Reproduction of part of the material below, pictures omitted: copy exactly, and only, the lines starting with the one with "The new full-service" and going on through the one with "Bộ trà mạ bạc".

_EXERCISE MATERIAL_.
--- START ---
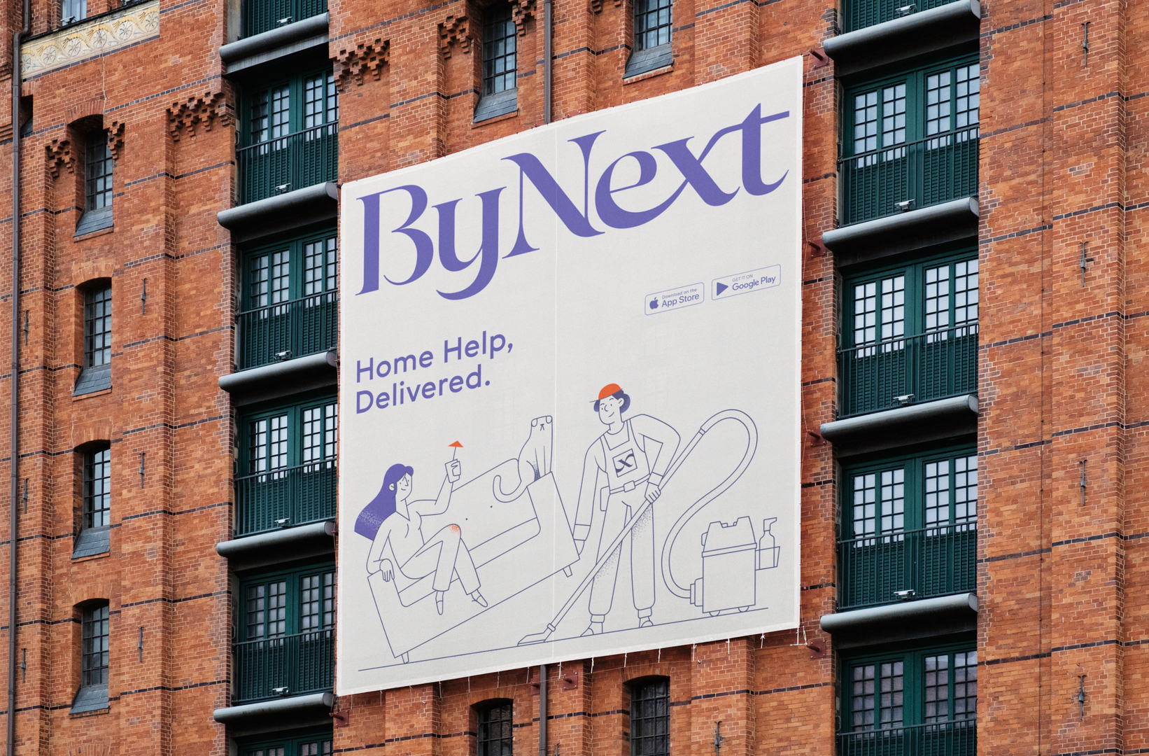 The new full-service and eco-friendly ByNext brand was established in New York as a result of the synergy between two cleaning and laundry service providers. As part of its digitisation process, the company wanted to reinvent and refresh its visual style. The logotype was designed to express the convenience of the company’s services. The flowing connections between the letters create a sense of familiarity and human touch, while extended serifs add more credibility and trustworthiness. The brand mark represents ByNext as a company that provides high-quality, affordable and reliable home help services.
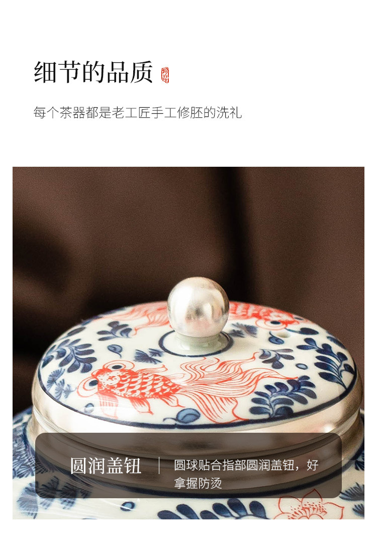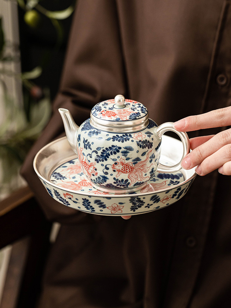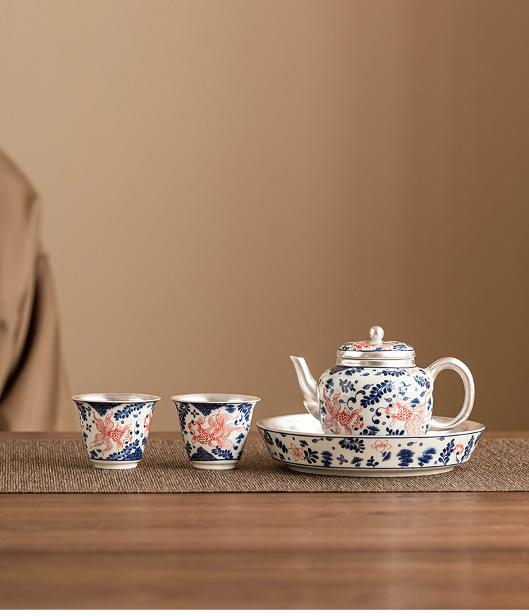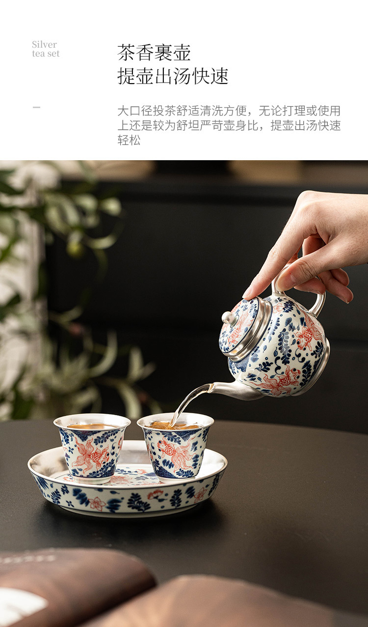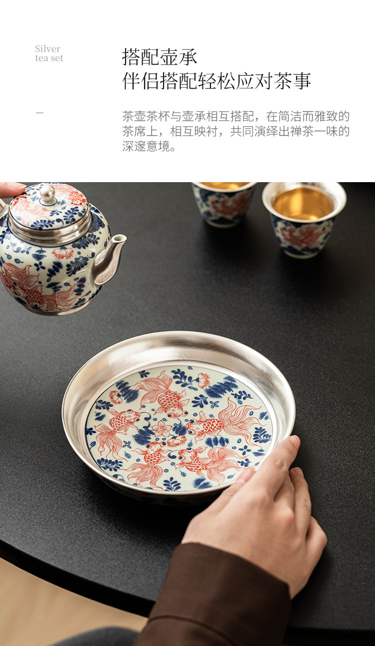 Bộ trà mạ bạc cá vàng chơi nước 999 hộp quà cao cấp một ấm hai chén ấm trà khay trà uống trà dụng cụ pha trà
--- END ---
--- START ---
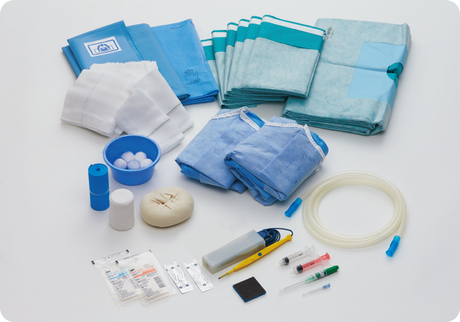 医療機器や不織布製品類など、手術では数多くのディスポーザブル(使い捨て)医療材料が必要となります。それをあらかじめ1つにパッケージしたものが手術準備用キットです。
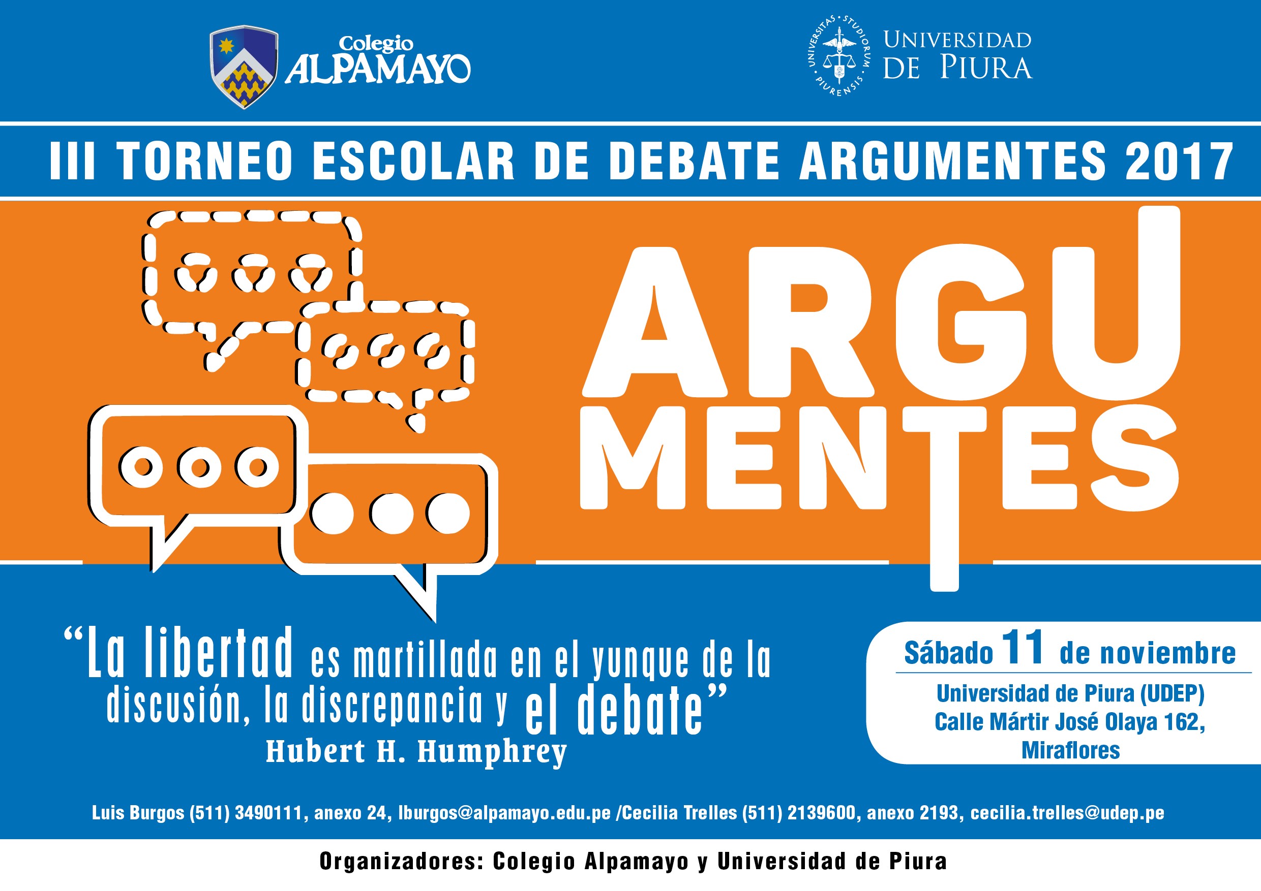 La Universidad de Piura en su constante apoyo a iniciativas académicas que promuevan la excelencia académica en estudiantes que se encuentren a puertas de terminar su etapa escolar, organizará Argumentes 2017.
--- END ---
--- START ---
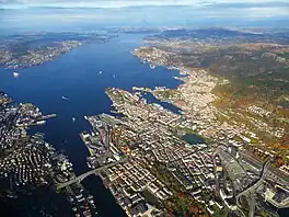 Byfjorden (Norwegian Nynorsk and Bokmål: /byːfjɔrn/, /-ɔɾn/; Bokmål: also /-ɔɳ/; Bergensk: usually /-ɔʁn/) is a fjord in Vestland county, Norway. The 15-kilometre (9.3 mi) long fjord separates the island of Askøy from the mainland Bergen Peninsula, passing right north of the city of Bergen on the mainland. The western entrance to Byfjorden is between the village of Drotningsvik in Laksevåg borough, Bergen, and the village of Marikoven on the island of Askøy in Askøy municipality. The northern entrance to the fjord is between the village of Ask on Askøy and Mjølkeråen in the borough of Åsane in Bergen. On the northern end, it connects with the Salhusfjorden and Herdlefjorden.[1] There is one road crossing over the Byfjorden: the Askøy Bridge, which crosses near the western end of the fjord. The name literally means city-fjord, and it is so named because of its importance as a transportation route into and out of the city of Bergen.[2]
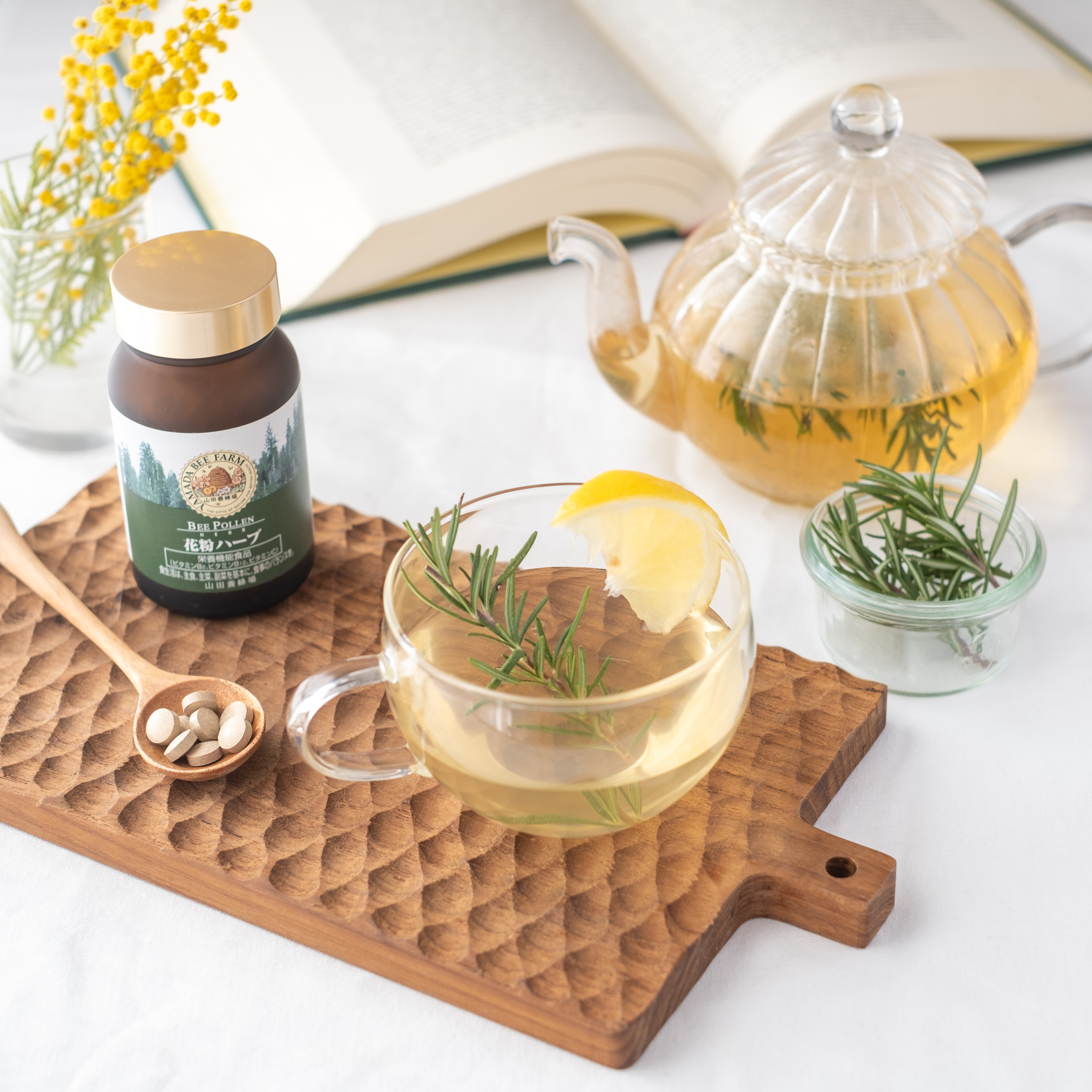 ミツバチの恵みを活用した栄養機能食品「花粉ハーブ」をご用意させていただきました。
--- END ---
_RESPONSE_.
 The new full-service and eco-friendly ByNext brand was established in New York as a result of the synergy between two cleaning and laundry service providers. As part of its digitisation process, the company wanted to reinvent and refresh its visual style. The logotype was designed to express the convenience of the company’s services. The flowing connections between the letters create a sense of familiarity and human touch, while extended serifs add more credibility and trustworthiness. The brand mark represents ByNext as a company that provides high-quality, affordable and reliable home help services.
 Bộ trà mạ bạc cá vàng chơi nước 999 hộp quà cao cấp một ấm hai chén ấm trà khay trà uống trà dụng cụ pha trà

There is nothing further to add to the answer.